5. Coverage Optimization in Wireless Sensor Networks (WSNs)

To verify the feasibility and effectiveness of the proposed IMPA for WSN node coverage optimization, two experiments were performed. Experiment 1 compares the effect of the IMPA with EO, SCA and the original MPA. Experiment 2 compares the IMPA with the improved grey wolf optimization (IGWO) [17], invasive weed algorithm (IWO) [18], improved hybrid strategy weed algorithm (LRDE_IWO) [18], Lévy-embedded grey wolf optimization (LGWO) [19] and virtual force-Lévy-embedded grey wolf optimization (VFLGWO) [19]. In the experiments, the parameters are set the same as in the literature [17].
Assume that 40 sensor nodes are deployed in the sensing field of the target area M = 50 × 50 m, the perceived radius R S = 10 m, the communication radius R c = 20 m, and the maximum number of iterations T max = 500. The specific parameters are shown in Table 8.

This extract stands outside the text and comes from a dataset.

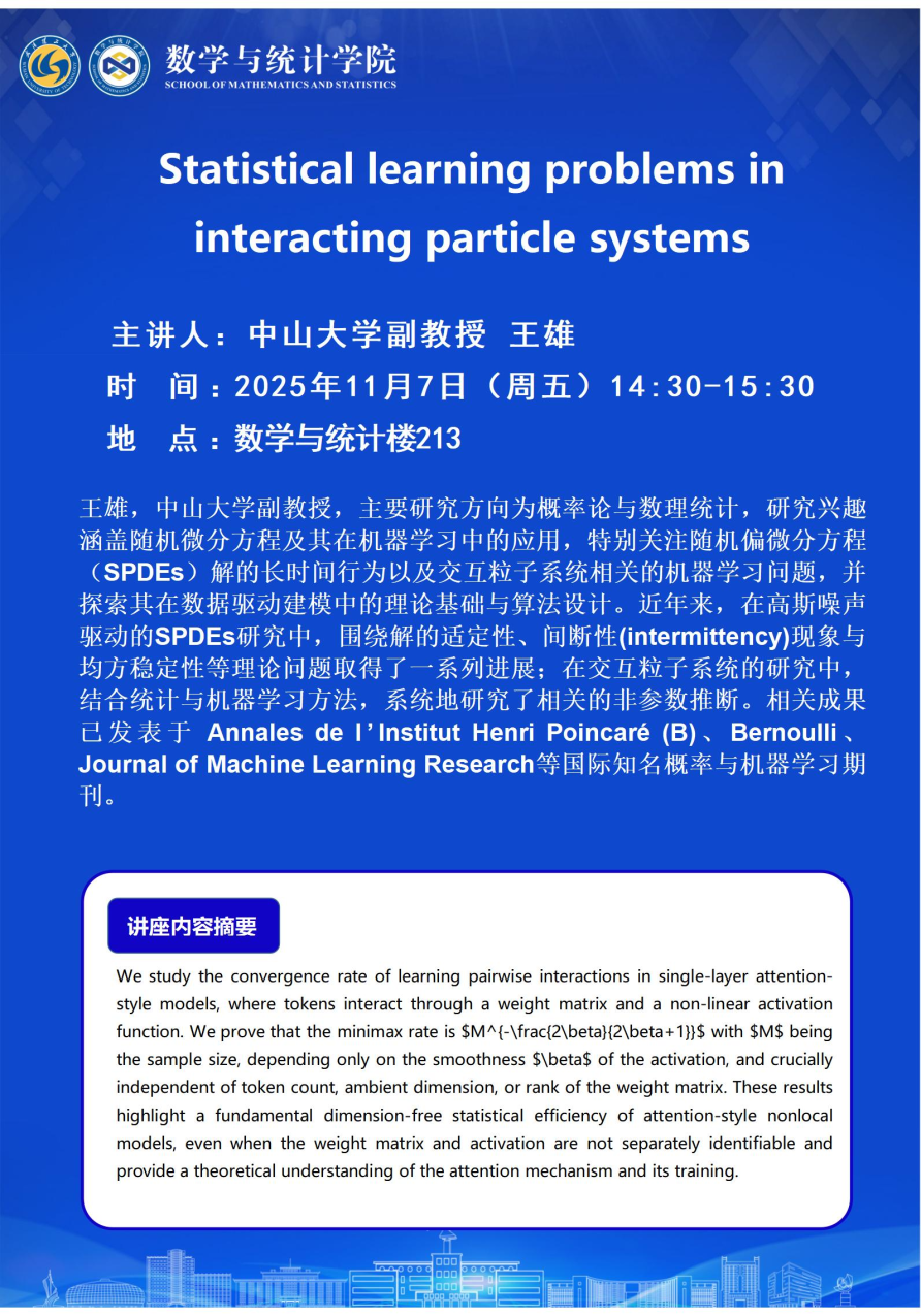 中山大学副教授王雄-Statistical learning problems in interacting particle systems

5.1. Comparison with Other Standard Metaheuristics

To verify the effectiveness of IMPA in solving the WSN coverage problem, the IMPA, EO algorithm, SCA and the original MPA are simulated. The experimental data are shown in Table 9. Figure 5 shows the node coverage graph of the proposed IMPA, random deployment, and optimization of each algorithm.
As seen from Table 9, the coverage rate optimized by the IMPA reaches 93.72%. At the same time, the coverage rate of the IMPA is improved by 19.10%, 4.28%, 16.84%, and 4.91% compared with the random deployment, EO algorithm, SCA algorithm, and the original MPA, respectively. From Figure 5a,c, the middle region optimized by random deployment and the SCA algorithm has a large range of coverage blank phenomena. Figure 5b,d show that the upper left region optimized by the EO algorithm and the MPA has a serious overlap phenomenon. In Figure 5e, the regional node coverage optimized by the IMPA is more uniform and less redundant, and the full coverage of the target area is approximately achieved, which effectively improves the random deployment node coverage vulnerability and the MPA-optimized node coverage aggregation defect.
To further explore the influence of the number of sensor nodes on the WSN-optimized node coverage, simulation experiments were carried out on different sensor nodes for each algorithm (random deployment, MPA and IMPA) in the target area. The number of isomorphic sensor nodes is set to 35, 40, 45, 50, and 55, and the other parameters are consistent with Table 8. The variation trend of the coverage ratio of different algorithms with the number of nodes is shown in Figure 6.
As shown in Figure 6, the proposed algorithm is superior to the random deployment and the MPA in the coverage rate of wireless sensor network nodes with different numbers of nodes, and the IMPA almost approaches a 100% coverage rate when there are 55 nodes. This shows that the two strategies of the IMPA can effectively improve the probability of escaping from a local optimum and balance the ability of global exploration and local exploitation, thereby improving the effective coverage rate of the WSN nodes.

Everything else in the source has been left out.